Groveport’s numbers don’t tell the whole story, said Donis Toler, principal of Groveport Madison High School.

“It’s not as bad as what people think,” he said, because many students, black and white, are repeat offenders.

Some districts are listening to parents’ concerns. Others say they are making changes.

Reynoldsburg schools are actively seeking minority teachers, Assistant Superintendent Steve Dackin said. At Reynoldsburg Junior High, the principal says half the battle is knowing there’s a problem.

“If we sit back and say it’s not an issue, we’re only hurting ourselves,” Principal Tyrone Olverson said. Discipline numbers will be better at the junior high this year, he said. The school has placed more administrators in classrooms and hallways, conducts weekly seminars to talk about students’ concerns and has replaced in-school suspension with a 30-minute “timeout” period to reduce lost class time.

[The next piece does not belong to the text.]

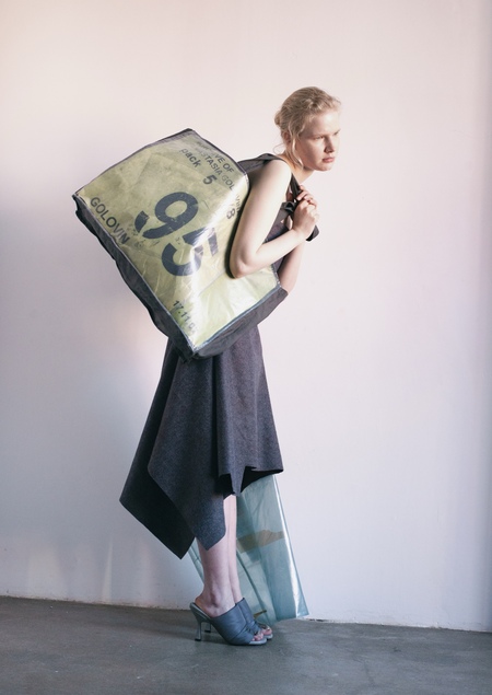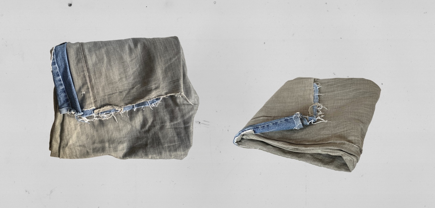 2. Джинсы из гардероба моего папы — очень важный и сигнатурный для моего творчества элемент. Считаю, что уход папы повлиял на всю мою жизнь и сформировал меня как человека и дизайнера. От того, что человек не носит одежду, джинсы хранятся в сложенном состоянии, на одном месте, тем самым теряя прямое назначение. Они превращаются в предмет. Сейчас я поняла, что я люблю заимствовать мужской гардероб в своем дизайне включая, силуэт, ассортимент, фасон, сдержаные цвета.

Cartledge said losing time in the classroom doesn’t help children, especially those already at risk of falling behind.

“One of the things I think is so important is for schools to understand that the strategies they use for disciplining children actually seem to make the problems worse, rather than better,” she said.

That’s one of the reasons Olverson said he’s willing to take on a problem that other school officials haven’t.

“It’s nothing to be shameful about. There’s no shame, no blame. We admit to our issues. These are our challenges.”